DATASET EXCERPTS:
------------------------

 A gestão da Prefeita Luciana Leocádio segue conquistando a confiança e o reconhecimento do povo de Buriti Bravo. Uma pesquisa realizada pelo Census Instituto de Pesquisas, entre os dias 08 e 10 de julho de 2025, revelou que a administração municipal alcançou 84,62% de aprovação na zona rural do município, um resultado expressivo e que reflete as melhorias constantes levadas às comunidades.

------------------------

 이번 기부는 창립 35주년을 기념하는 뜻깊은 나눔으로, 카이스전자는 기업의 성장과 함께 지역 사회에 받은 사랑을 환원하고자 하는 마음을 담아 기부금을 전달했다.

------------------------

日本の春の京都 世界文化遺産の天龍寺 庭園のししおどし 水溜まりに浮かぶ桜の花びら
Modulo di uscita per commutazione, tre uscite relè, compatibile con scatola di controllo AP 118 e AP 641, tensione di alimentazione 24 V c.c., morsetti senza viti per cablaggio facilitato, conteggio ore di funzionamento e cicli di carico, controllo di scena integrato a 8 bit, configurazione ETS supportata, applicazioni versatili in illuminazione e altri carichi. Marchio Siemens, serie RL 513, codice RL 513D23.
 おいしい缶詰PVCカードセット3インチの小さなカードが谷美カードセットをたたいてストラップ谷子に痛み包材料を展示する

------------------------

From the entries above, give again exactly the lines running from the line with "日本の春の京都 世界文化遺産の天龍寺 庭園のししおどし 水溜まりに浮かぶ桜の花びら" to the line with "おいしい缶詰PVCカードセッ"; include both of those lines.

YOUR RESPONSE:
日本の春の京都 世界文化遺産の天龍寺 庭園のししおどし 水溜まりに浮かぶ桜の花びら
Modulo di uscita per commutazione, tre uscite relè, compatibile con scatola di controllo AP 118 e AP 641, tensione di alimentazione 24 V c.c., morsetti senza viti per cablaggio facilitato, conteggio ore di funzionamento e cicli di carico, controllo di scena integrato a 8 bit, configurazione ETS supportata, applicazioni versatili in illuminazione e altri carichi. Marchio Siemens, serie RL 513, codice RL 513D23.
 おいしい缶詰PVCカードセット3インチの小さなカードが谷美カードセットをたたいてストラップ谷子に痛み包材料を展示する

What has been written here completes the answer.